Seeing the wood from the trees regarding Capital Gains Tax
The Capital Gains Tax (CGT) on forestry has remained unchanged. Commercial woodlands in the hands of an individual are exempt from CGT on the growing timber, though any gain attributable to the underlying land is not.
However, this rarely gives rise to a chargeable gain because it can often be shown that afforestation devalues the land due to the permanent change of use. The CGT exemption does not apply to companies which occupy woodlands.
Nevertheless, timber is a crop.
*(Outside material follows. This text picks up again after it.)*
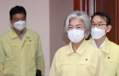 코로나19 대응 중대본 회의 참석한 강경화 외교부 장관

The convention has always been that in the event of a sale of woodland, the standing crop of trees was deemed to be a capital transaction, whereas when harvested it falls under the heading of income.
I admit I have always had some difficulty in getting my head around this particular conundrum.
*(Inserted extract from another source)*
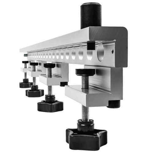 Univerzální vrtací přípravek je určen pro přesné a produktivní ruční kolíkování nábytkových dílců. Docílíte vysokou přesnost a produktivitu práce. Jednotlivé pozice děr jsou konstruovány s roztečí 32mm, což odpovídá standardní euro normě pro strojní kolíkování dílců. Přípravek je určen pro použití našich kolíkovacích vrtáků z HM tvrdokovovou špičkou, které jsou upnuté ve vrtacím pouzdru stejným systémem jako v kolíkovačce.

In May 2010 the result of a tax appeal was made public. The facts of the case involved a company that sold semi-mature woodlands and the Revenue Commissioners held that the company was liable to CGT on the entire proceeds of sale.
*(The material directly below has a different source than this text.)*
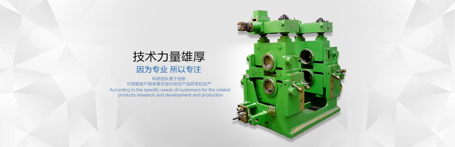 哈爾濱哈飛工業(yè)有限責(zé)任公司旗下的機(jī)電設(shè)備制造產(chǎn)業(yè)是目前國(guó)內(nèi)規(guī)模大、專業(yè)的高速線材軋機(jī)和棒材軋機(jī)整機(jī)及備件的生產(chǎn)制造企業(yè)。公司現(xiàn)坐落于哈爾濱市平房區(qū)汽車零部件工業(yè)園B區(qū),占地面積30000多平方米。現(xiàn)有員工近550人,其中具有中高級(jí)職稱的研發(fā)及工程技術(shù)人員100余人。   公司曾獲得冶金部授予的“高線軋機(jī)設(shè)備優(yōu)單位”稱號(hào)、國(guó)家技術(shù)進(jìn)步二等獎(jiǎng)等獎(jiǎng)項(xiàng),公司生產(chǎn)的十八項(xiàng)高線軋機(jī)重要部件通過(guò)了技術(shù)鑒定... +MORE

The company appealed the assessment, holding that the value of the underlying land had fallen since it was purchased several years previously, and that the proceeds attributable to the growing crop were income and therefore exempt from corporation tax (the sale having taken place prior to the change in the law when there was no income restriction in place).
The case was quite specific in that the company had always intended from the outset to trade in forestry property.
In other words, it always planned to sell properties at a profit as and when the opportunities arose and to re-invest the proceeds in more forestry.